SpaceX Falcon 9 shortly after launch

Lunar XPrize: Can Google fly us to the moon?

Thanks to the Google Lunar XPrize competition, humans are sending not one but multiple probes to the moon. But the scientists are not your usual space explorers.

The moon. We humans left flags, footprints and three moon buggies on it, but stopped going there after the Soviet Union's Luna 24 mission in 1976. Until late 2013, when China's lander Chang'e 3 and its companion the Yutu rover (also known as Jade Rabbit) arrived.

Soon, Earth may send a stream of robotic probes to the moon, as a new race to our 'eighth continent' is heating up. This time, though, the running will not be made by government-led agencies like Nasa and Esa. Instead, private companies are leading the way, with tech giant Google providing the incentives. Spurring inventors from around the world is a $30m reward, the Google Lunar XPrize.
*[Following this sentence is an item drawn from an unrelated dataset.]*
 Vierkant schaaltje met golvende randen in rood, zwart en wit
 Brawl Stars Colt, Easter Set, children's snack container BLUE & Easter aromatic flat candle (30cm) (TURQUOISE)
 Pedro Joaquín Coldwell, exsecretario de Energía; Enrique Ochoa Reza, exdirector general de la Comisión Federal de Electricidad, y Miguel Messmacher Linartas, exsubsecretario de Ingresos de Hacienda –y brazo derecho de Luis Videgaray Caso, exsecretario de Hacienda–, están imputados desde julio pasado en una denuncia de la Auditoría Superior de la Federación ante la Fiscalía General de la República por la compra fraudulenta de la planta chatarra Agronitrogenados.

The mission: to successfully deploy a robotic craft on the lunar surface, make it move at least 500 metres, and send high-definition 'mooncasts' back to Earth.

Five of 16 teams in the race – Astrobotic (US), Hakuto (Japan), Moon Express (US), Part-Time Scientists (Germany), and Team Indus (India) – recently received a boost from Google in the form of so-called Millennium prizes worth a combined $5.25m.

Promising the moon

The Lunar XPrize may not quite spark the same excitement as the Apollo 11 landings in 1969. But this privately-funded race to the moon may make space exploration cheaper and help to create the Apollo moment for the current generation,' says Chanda Gonzales, senior director of Google Lunar XPrize.
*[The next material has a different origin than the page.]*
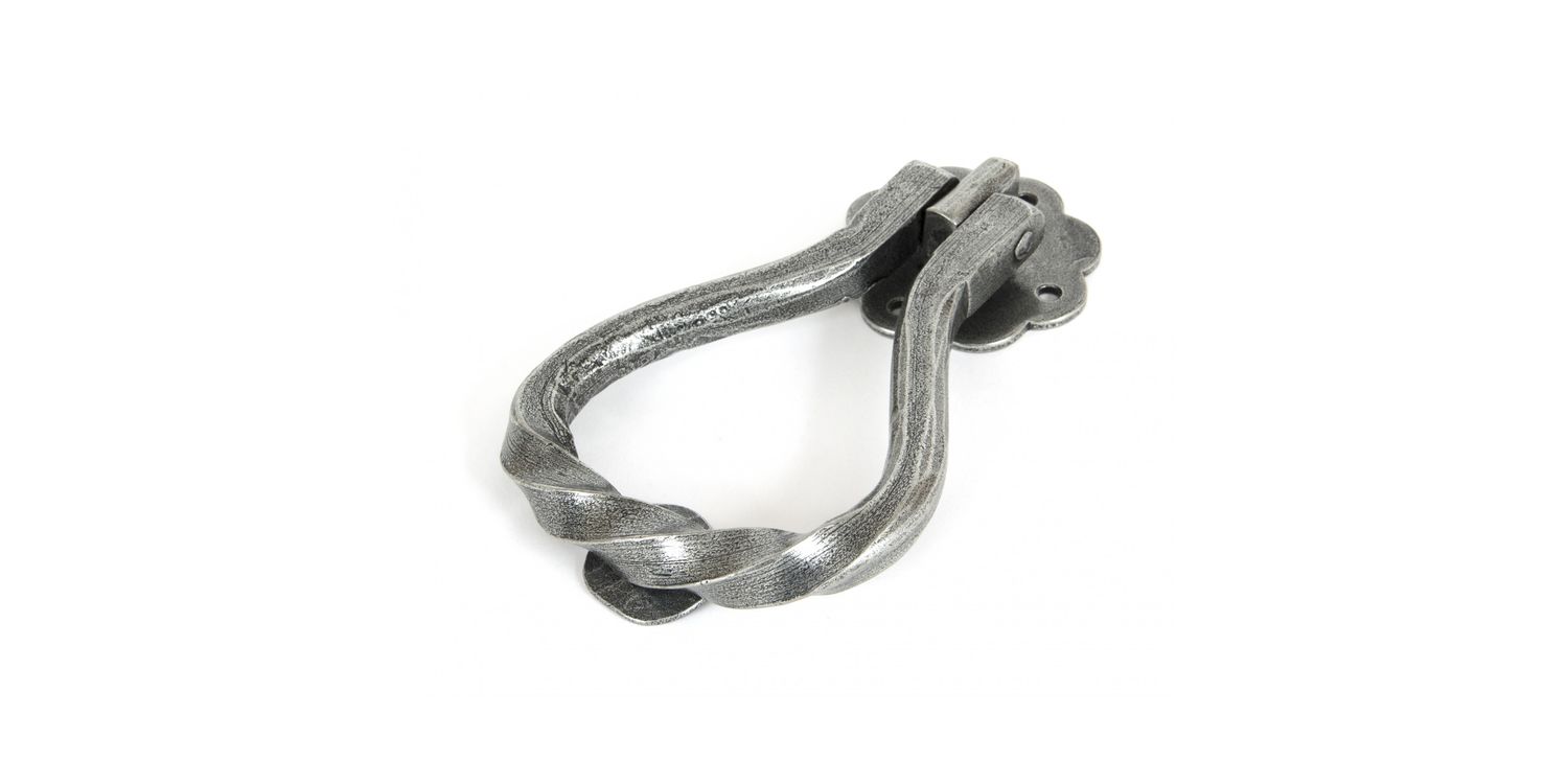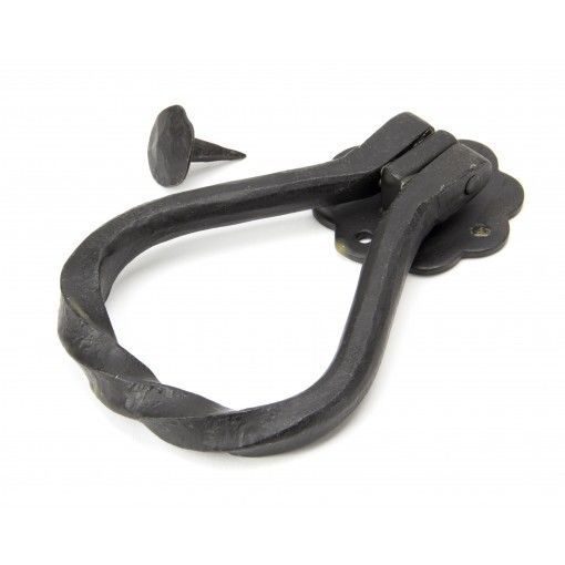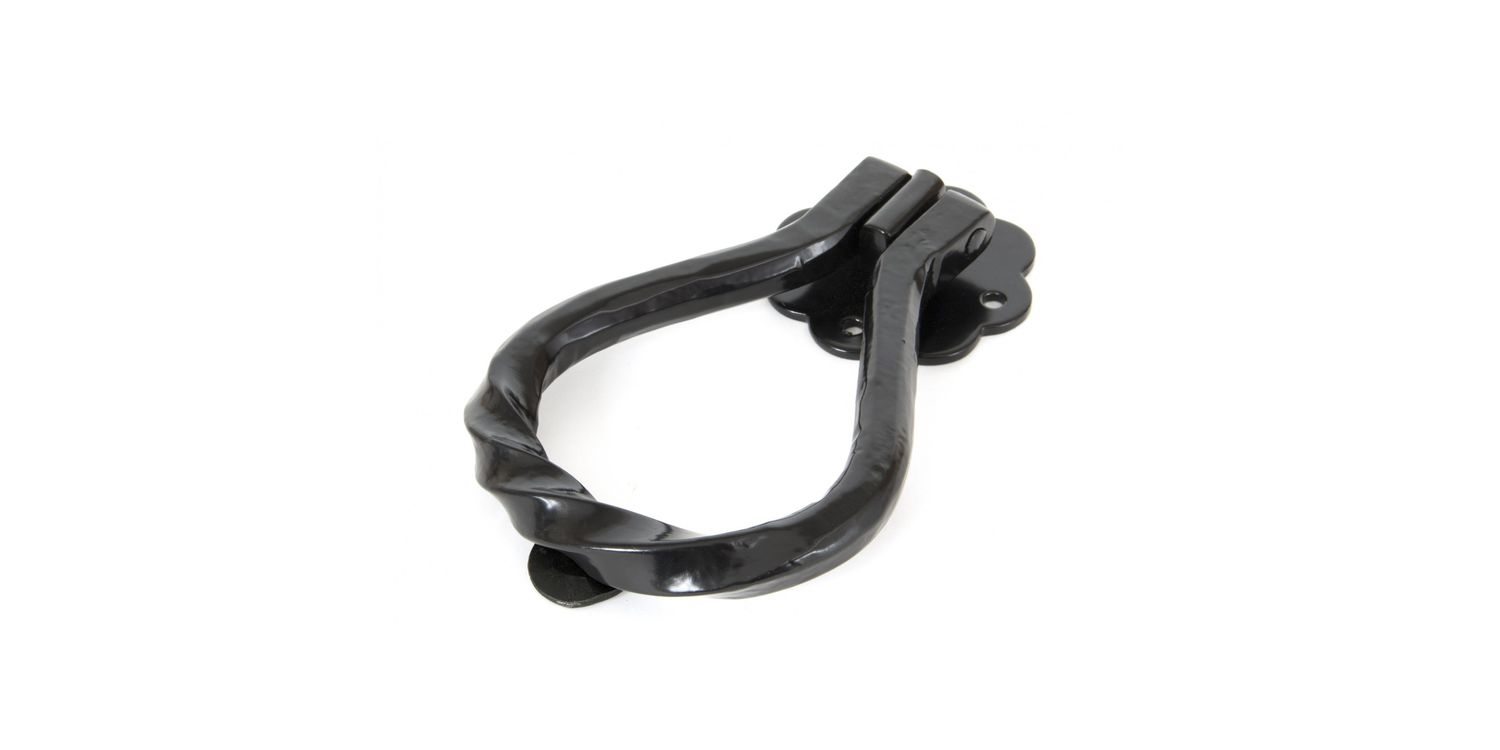 This shaped door knocker by From The Anvil shows a true masterpiece of forging - it's been drawn from one piece of mild steel bar and has been bent to form the twisted pear shape.

In the long term, says Becker, 'the moon could be our stepping stone' to boldly go where no man has gone before.

Here is a preview of some of the technologies that may take humankind's new envoys back to the moon.


The first challenge is actually getting to the moon.

Team Indus wants to use the Indian Space Research Organization's Polar Satellite Launch Vehicle (PSLV).

Astrobotic, meanwhile, hopes to hitch a ride on the commercial SpaceX Falcon 9 rocket. After reaching low Earth orbit, the Falcon 9's second stage would re-ignite for trans-lunar injection, propelling the spacecraft on a 4.5-day cruise to the moon.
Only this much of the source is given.